— EXERCISE REQUIREMENTS —
Can the lines below, from the one that holds "Auf der Passhöhe." to the very end, be echoed exactly, with both ends included and no pictures?

(Entries taken from a collection)
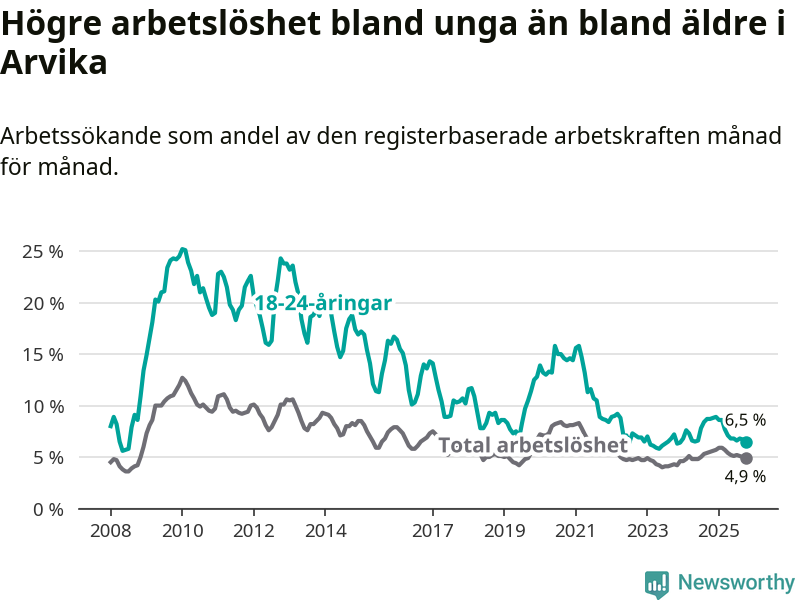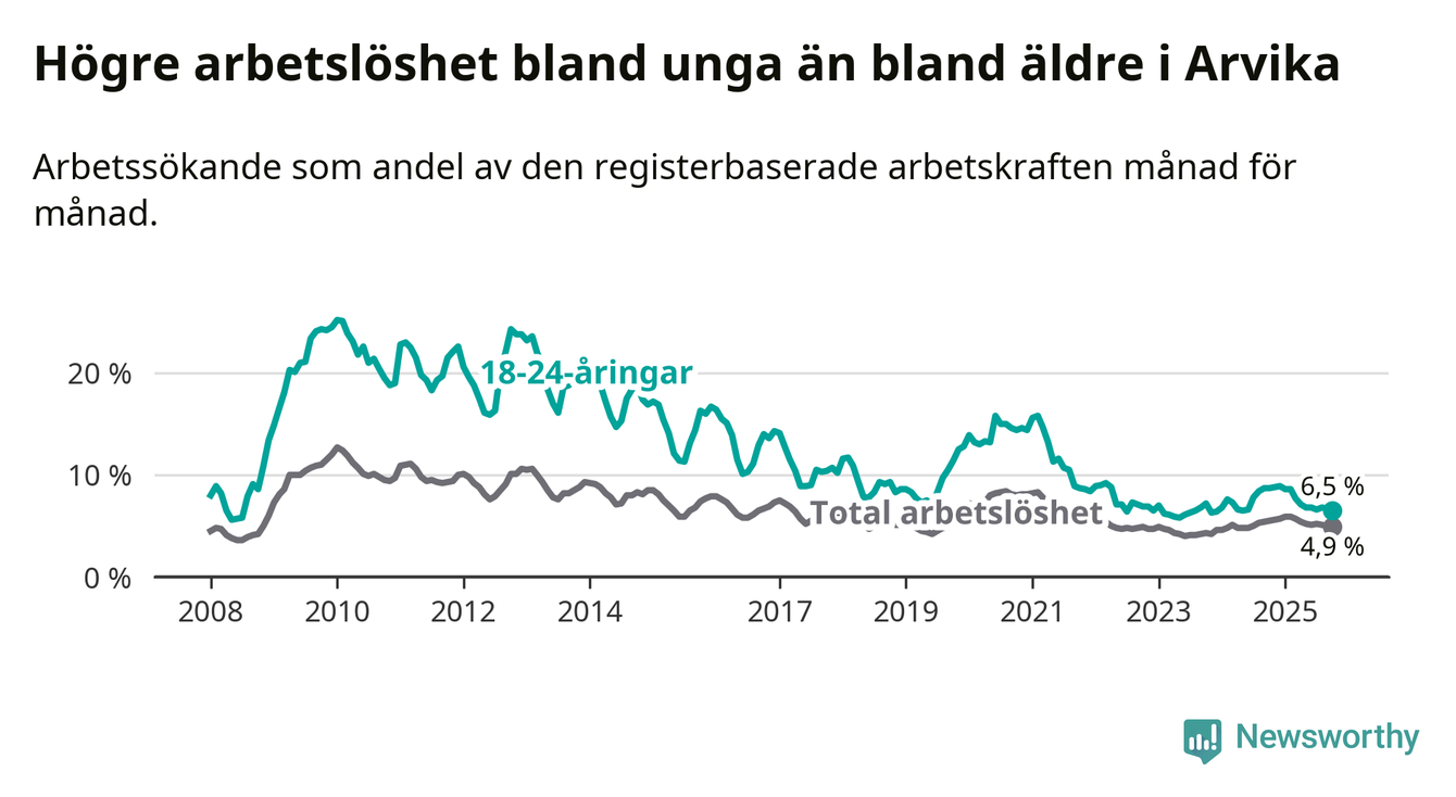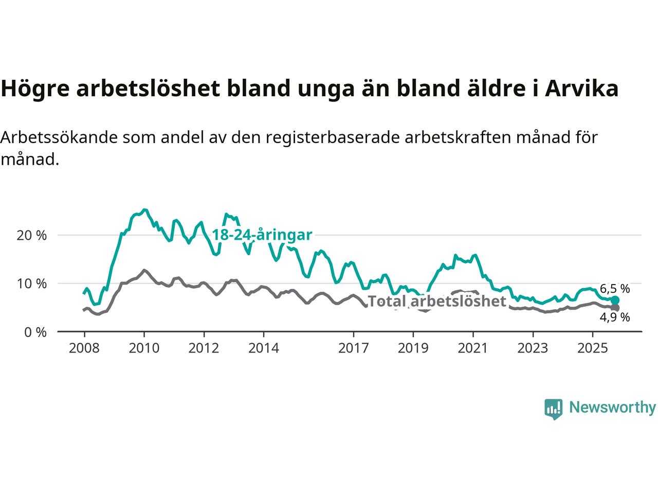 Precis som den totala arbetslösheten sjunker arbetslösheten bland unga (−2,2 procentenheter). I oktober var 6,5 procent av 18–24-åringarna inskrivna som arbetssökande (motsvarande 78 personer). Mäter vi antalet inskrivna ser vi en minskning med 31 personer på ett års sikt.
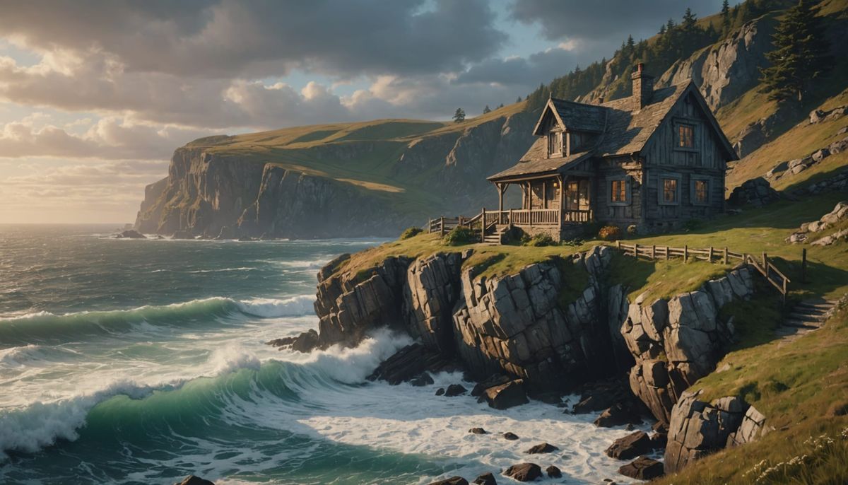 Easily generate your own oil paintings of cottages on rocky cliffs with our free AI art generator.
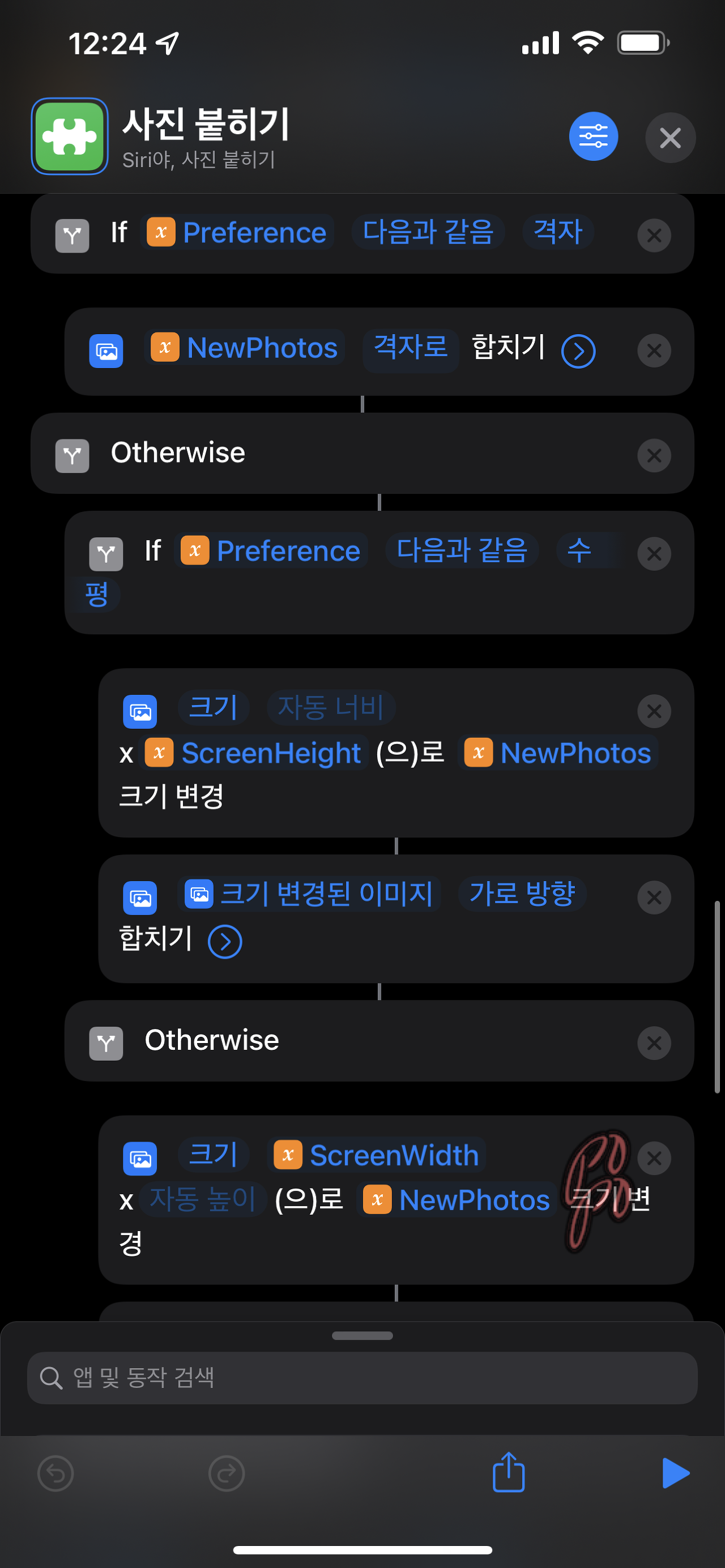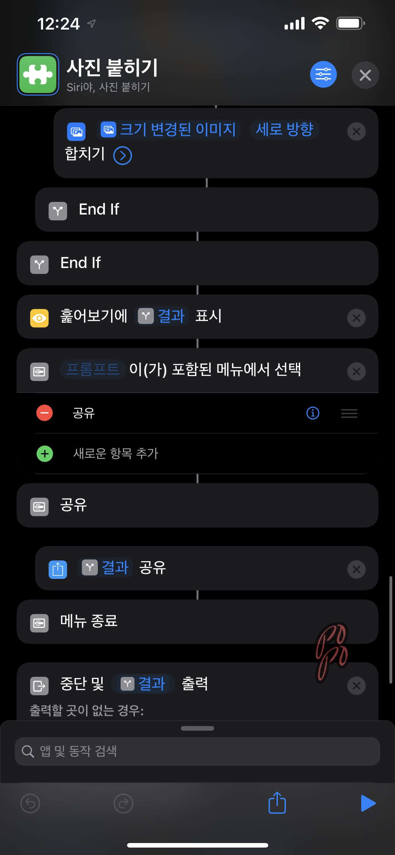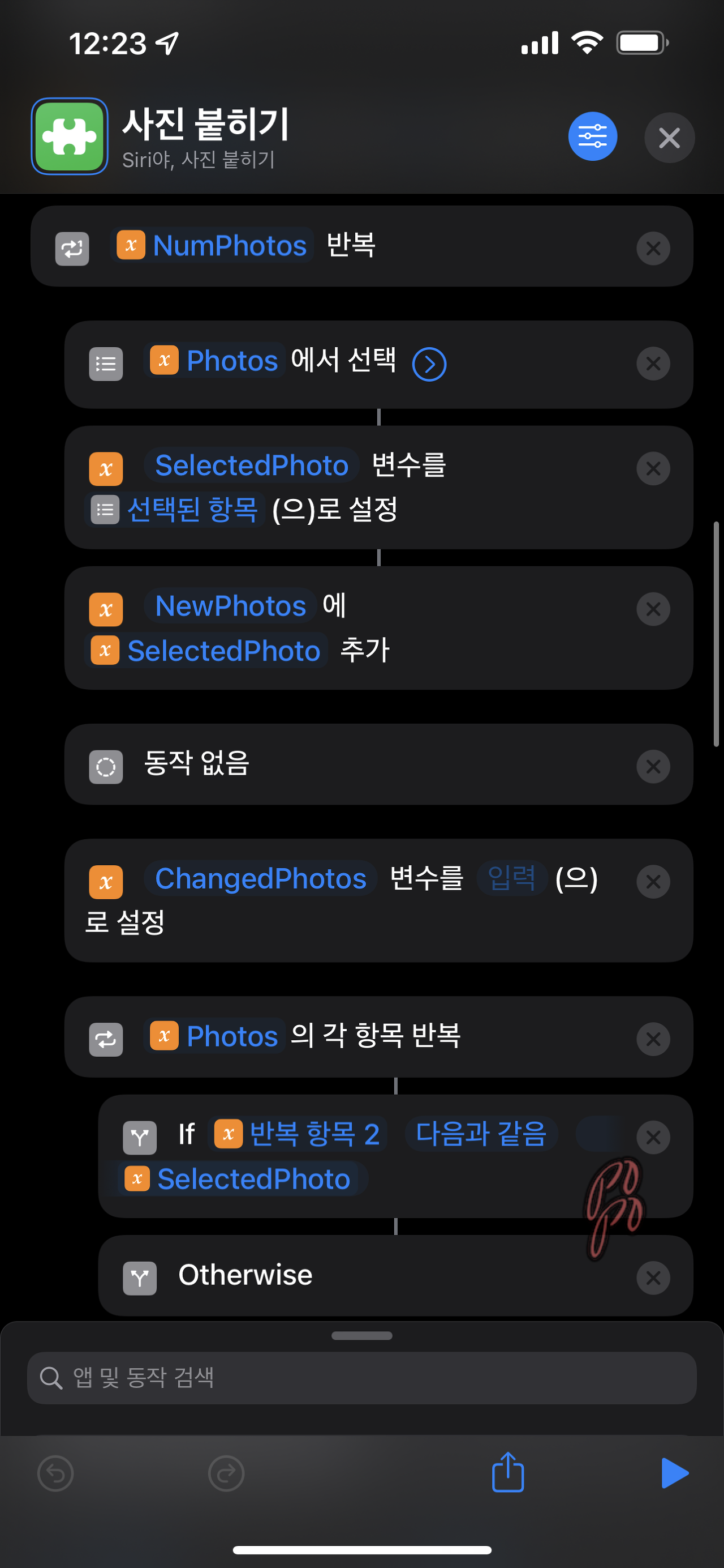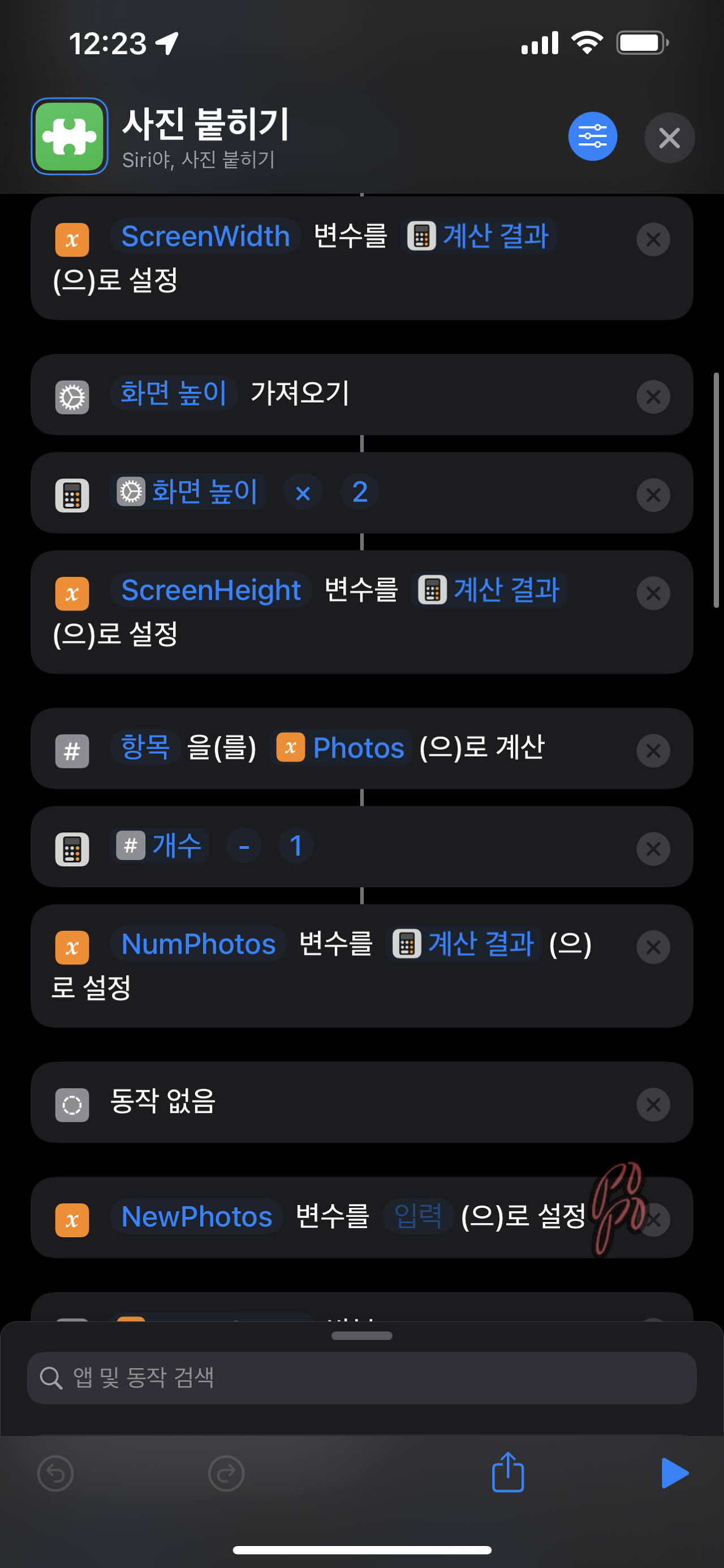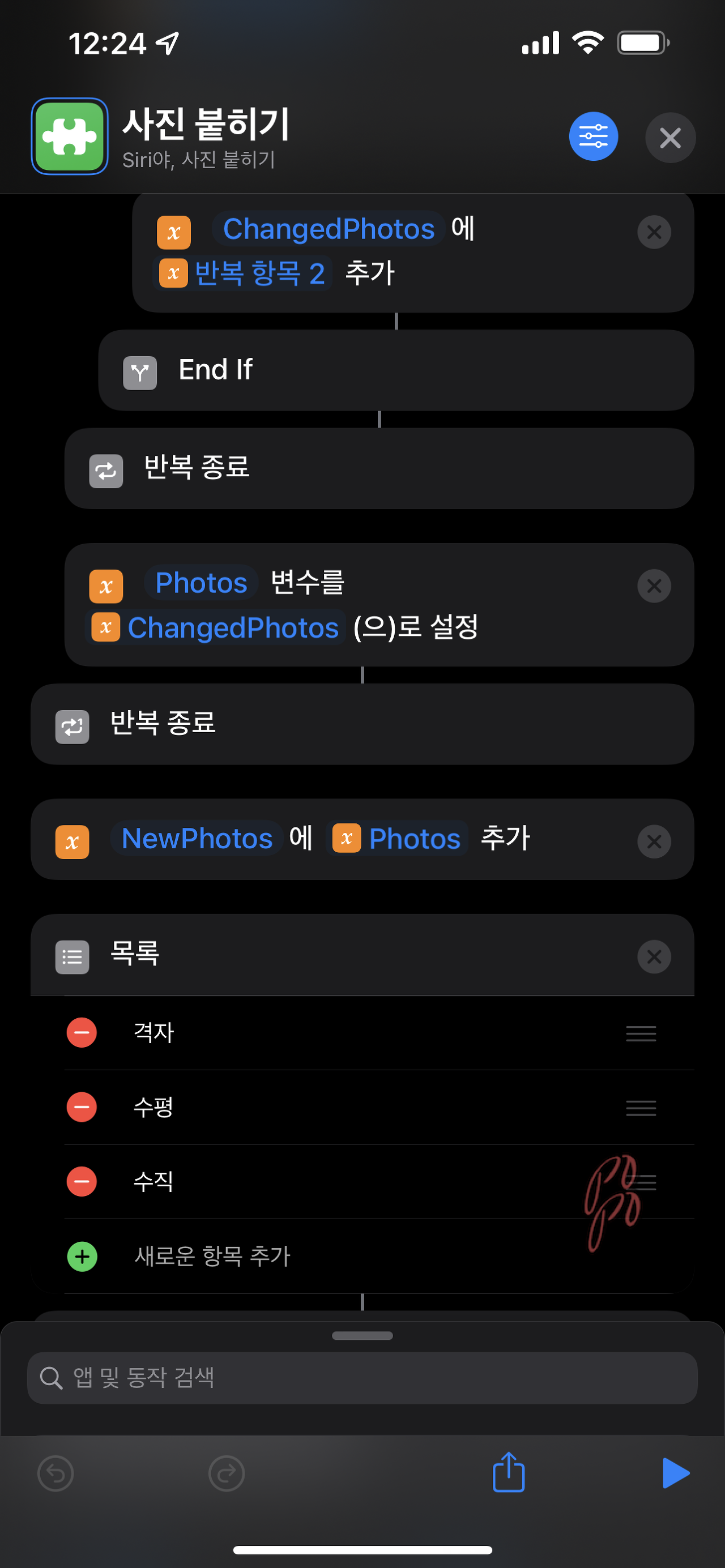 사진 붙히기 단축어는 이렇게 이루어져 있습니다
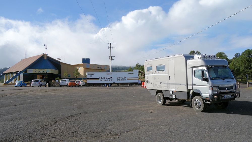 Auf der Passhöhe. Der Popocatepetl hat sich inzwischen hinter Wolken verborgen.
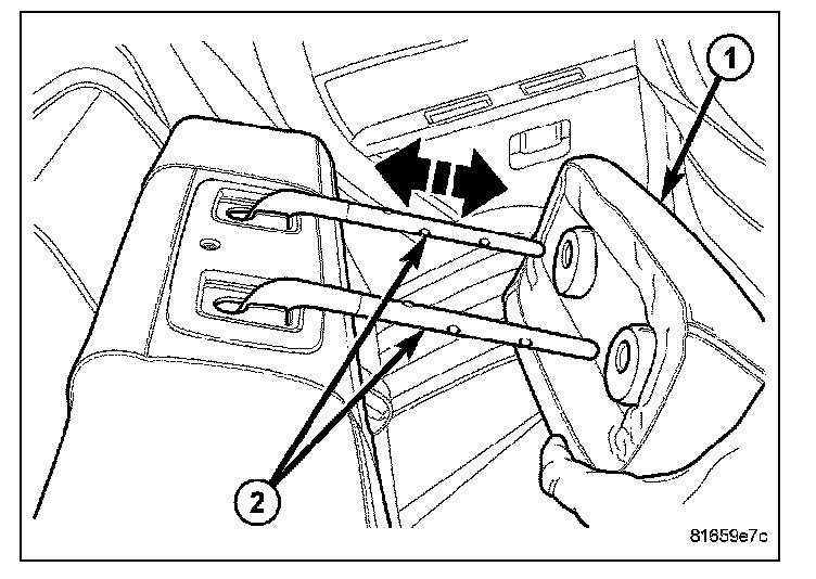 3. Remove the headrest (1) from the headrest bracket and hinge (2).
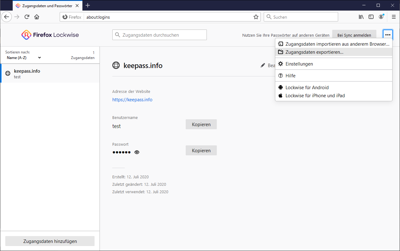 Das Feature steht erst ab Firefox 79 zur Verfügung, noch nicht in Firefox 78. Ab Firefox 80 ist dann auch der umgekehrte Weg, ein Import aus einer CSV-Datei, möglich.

— OUTPUT OF THE TASK —
 Auf der Passhöhe. Der Popocatepetl hat sich inzwischen hinter Wolken verborgen.
 3. Remove the headrest (1) from the headrest bracket and hinge (2).
 Das Feature steht erst ab Firefox 79 zur Verfügung, noch nicht in Firefox 78. Ab Firefox 80 ist dann auch der umgekehrte Weg, ein Import aus einer CSV-Datei, möglich.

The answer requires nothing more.